• _Stored data_
>>>

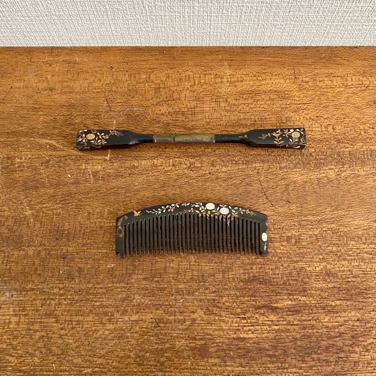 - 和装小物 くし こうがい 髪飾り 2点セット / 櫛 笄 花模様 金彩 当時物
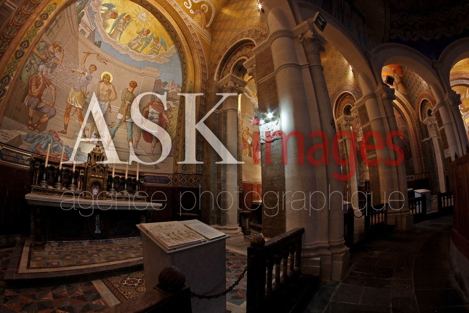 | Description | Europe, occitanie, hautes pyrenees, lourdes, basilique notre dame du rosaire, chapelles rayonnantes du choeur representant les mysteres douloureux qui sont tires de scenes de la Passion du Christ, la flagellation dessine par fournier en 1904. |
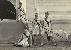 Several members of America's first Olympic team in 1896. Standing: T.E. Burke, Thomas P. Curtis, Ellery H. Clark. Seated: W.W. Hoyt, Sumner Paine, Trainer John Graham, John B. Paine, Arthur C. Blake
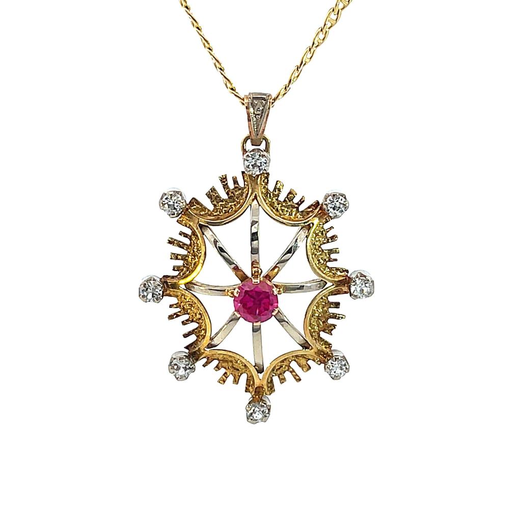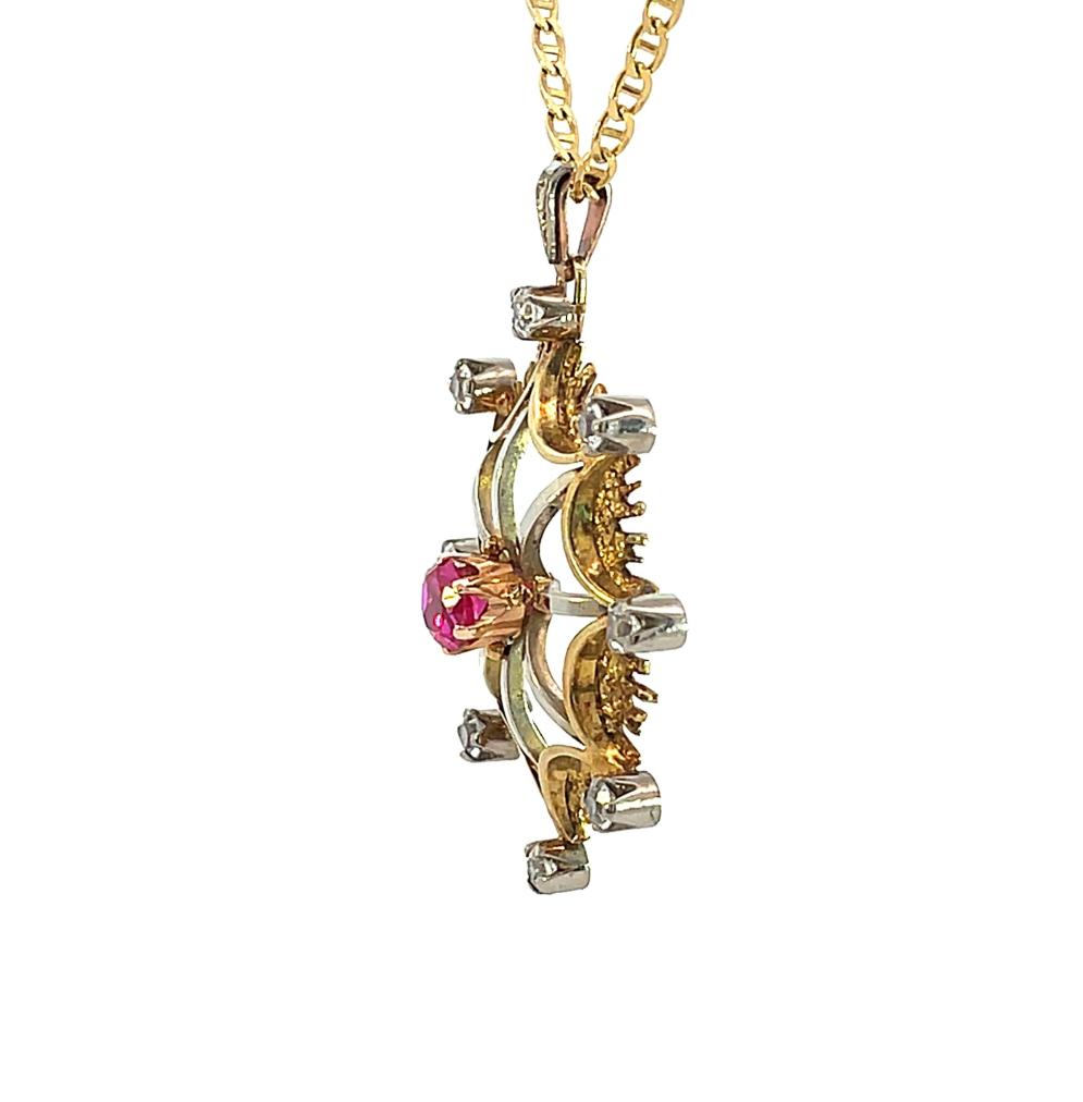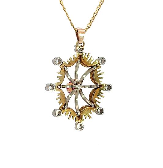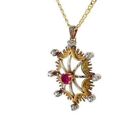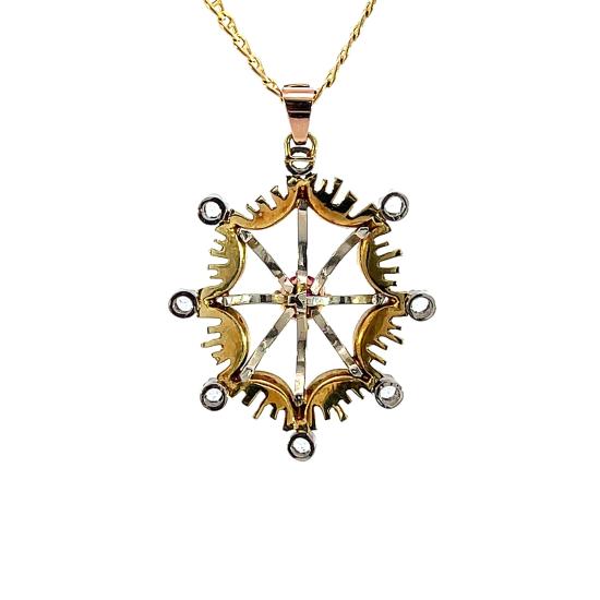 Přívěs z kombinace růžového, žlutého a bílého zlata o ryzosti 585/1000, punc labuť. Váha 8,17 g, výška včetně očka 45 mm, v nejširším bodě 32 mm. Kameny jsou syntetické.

<<<

• _Exercise goal_
Copy, without the pictures, exactly the lines from the line with "fournier en 1904. |" through the end of the material above, both ends included.

• _Exercise response_
 | Description | Europe, occitanie, hautes pyrenees, lourdes, basilique notre dame du rosaire, chapelles rayonnantes du choeur representant les mysteres douloureux qui sont tires de scenes de la Passion du Christ, la flagellation dessine par fournier en 1904. |
 Several members of America's first Olympic team in 1896. Standing: T.E. Burke, Thomas P. Curtis, Ellery H. Clark. Seated: W.W. Hoyt, Sumner Paine, Trainer John Graham, John B. Paine, Arthur C. Blake
 Přívěs z kombinace růžového, žlutého a bílého zlata o ryzosti 585/1000, punc labuť. Váha 8,17 g, výška včetně očka 45 mm, v nejširším bodě 32 mm. Kameny jsou syntetické.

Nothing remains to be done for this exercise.